篠宮しのみやさんの溜息の理由。単純に疲れてるだけ?」

 明瀬は汐里の目を覗き込むようにして聞いた。

「別に疲れてなんかいないけれど、――ただ、みんな元気だなって」

「それって思いっきり疲れてる人の台詞じゃない。……原因は〝例のあれ〟?」

「まあね。でも好きでやっていることだから」

「そうは言っても無理はいかんよ無理は」

「うん、わかってる。――ありがとう、明瀬さん」

 

 汐里がそっと感謝の言葉を口にすると、明瀬は「はて」と首を捻った。

「感謝されるほどのことはしてないと思うけれど……、あ、もしかして、先にお礼を言うことで済し崩し的に手伝わせようって魂胆? ――だめだめ、今回ばかりは手伝えないからね。ほら、わたしも最近何かと忙しい身だし」

「……違うって。心配してくれたのもそうだけど、それだけじゃなくて。今のわたしがこうしていられるのは明瀬さんのおかげもあるから、そういうの全部ひっくるめてのお礼」

「ふむ、まあそういうことなら素直に受け取っておこうかな。でも、何で今なの?」

 真顔でそう聞かれ、汐里は顔を背けて出来るだけ素っ気ない口調で答えた。

「別に。何となく、言いたくなっただけ」




 ホームルームを終え、いつものように部活へ向かう明瀬と別れた汐里は、体育館へと続く通い慣れた道を一人でてくてくと歩いている。

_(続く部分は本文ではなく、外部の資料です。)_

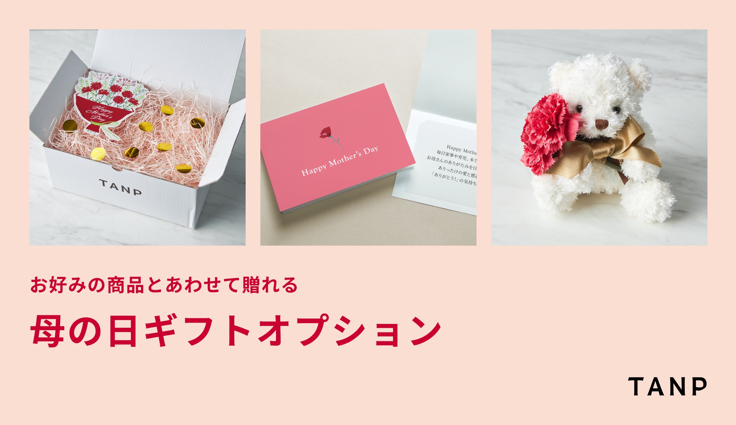 TANPでは、母の日にぴったりなスイーツギフトや雑貨ギフトを始め、様々なギフト商品を随時公開しています。住所を聞かなくてもカタチのあるギフトを贈れる「eギフト」や、母の日に一緒に贈ることができる豊富なオプションサービスもございますので、是非ご利用くださいませ。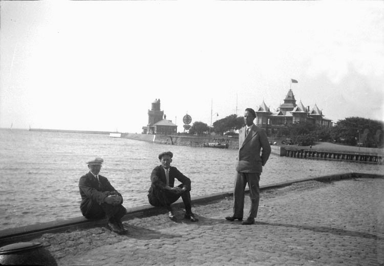 Enligt senare noteringar: "Tre män stående på en kaj. Från vänster: Viborg Johansson, Ed, Hjalmar Jonasson, Kleva och Gunnar Bjelkert, Hallinden".

 幅の広い林道の分かれ道を右へ折れて進んだ先、かつて旧校舎と呼ばれていた古い建物があった場所には、今は真新しいモダンな校舎が建てられている。

 そこには旧校舎のこじんまりとした面影は微塵もなく、どんと聳え立つような姿は汐里の通う校舎よりもずっと大きい。何らかの特殊な塗料を使っているのか、翡翠色の外壁は陽の光を反射して淡くきらめていてとても綺麗だ。

 特に今日みたいに天気の良い日は、近くを通るたびに汐里はそこに通う生徒が少し羨ましくなる。あと二年入学が遅ければ自分もここに通えたのに、と思わぬでもないけれど、それは言っても詮無いことだ。

 

 それに、と汐里は思う。

 もし二年遅ければ、あの人には会えなかった。

 

 校舎の中から聞こえる賑やかな声に耳を傾けながら、汐里は外周をぐるりと回って裏手へ向かう。

 その辺りは依然とほとんど変わっていないが、一つだけ違っているのは、森の中に舗装された小さな道が設けられていて、大昔のガス灯を模した洒落たデザインの照明が等間隔に設置されていること。

 その道を真っ直ぐに進んだ先、かつては一部の生徒にしか知られていなかったの近くに汐里の目的地があった。


 迷うことなく小径を進んでいくと、在りし日の旧校舎と同じ色合いの緑で塗られた、森の中の洋館といった趣の建物が木々の間から徐々に姿を現す。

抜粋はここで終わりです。